The California Supreme Court last week tossed out a lower court ruling that had resulted in a multi-million dollar bad faith damage award against an insurer. In Jonathon Neil & Assoc. Inc. v. Jones, the case centered around US$51,000 in premiums which the insurer said were owed to its by the Joneses, who owned a trucking company. In a bad faith case launched by the Joneses, a jury awarded more than US$11 million in punitive damages, but this was reduced to US$4 million by the original judge.
The Supreme Court now says the courts should never have heard the case to begin with and should have referred the dispute to the state Insurance Department. The court also found that the facts of the case did not justify a bad faith action. “The legal analysis in the Court’s opinion supports the argument that bad faith actions against insurers should be limited to cases where there are allegations of claims mishandling and should not be extended to disputes over premiums,” notes a statement by the Association of California Insurance Companies (ACIC).

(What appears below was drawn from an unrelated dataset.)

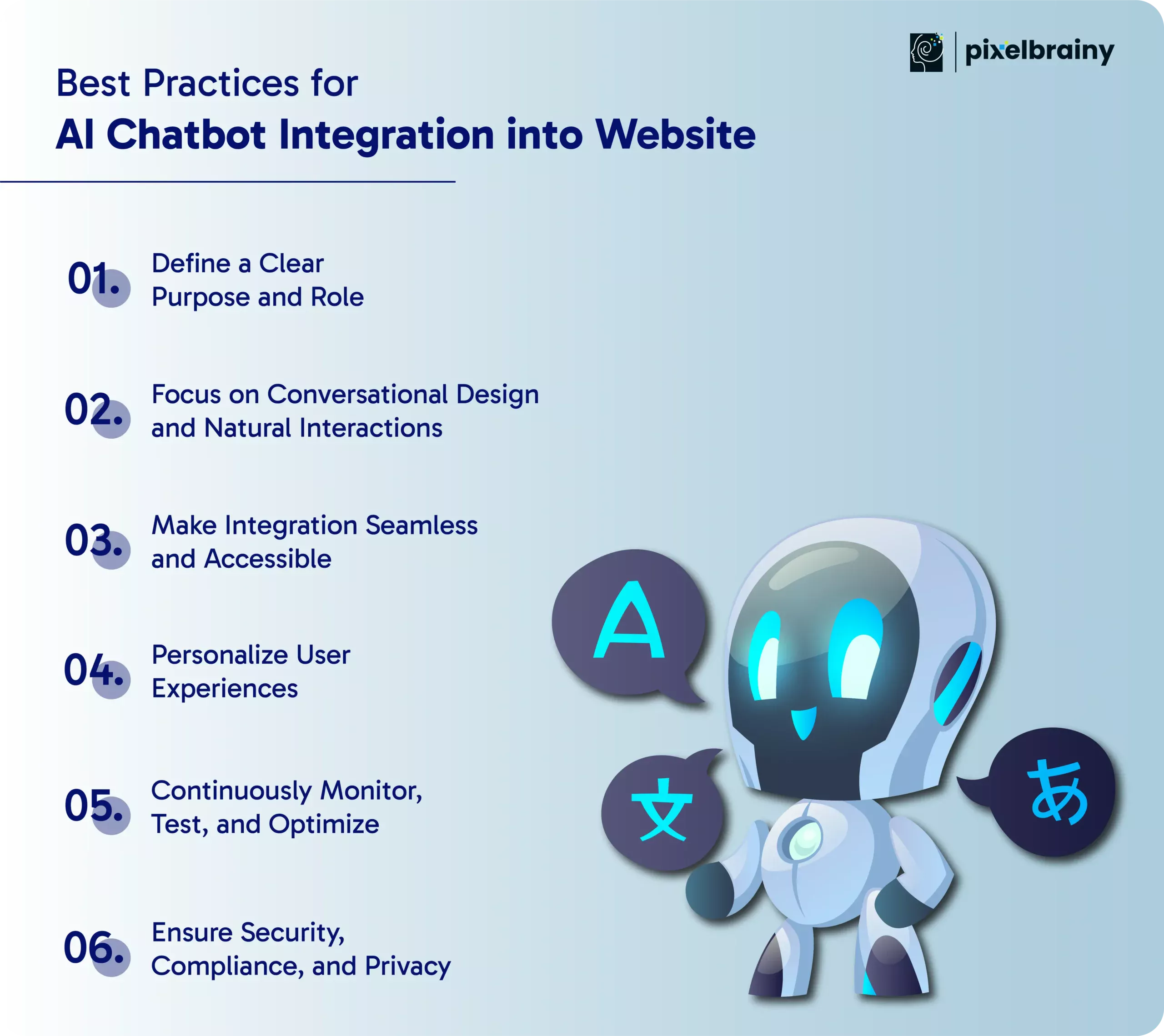 Following these best practices ensures that your chatbot is not just functional but also valuable, secure, and impactful. A well-integrated chatbot can enhance user experience, drive engagement, and contribute significantly to business growth.

In Tennessee, insurers are welcoming an end to a 15-year ban on exclusions for punitive damages. The state’s Insurance Department had said exclusions on punitive damages would only be allowed in pollution liability and uninsured motorist coverage, but a new bulletin from the department says it will not disapprove a policy form containing such exclusions. The Property Casualty Insurers Association of America (PCI) says the decision may actually result in more coverage availability because insurers will be able to offer coverage with the exclusions in place.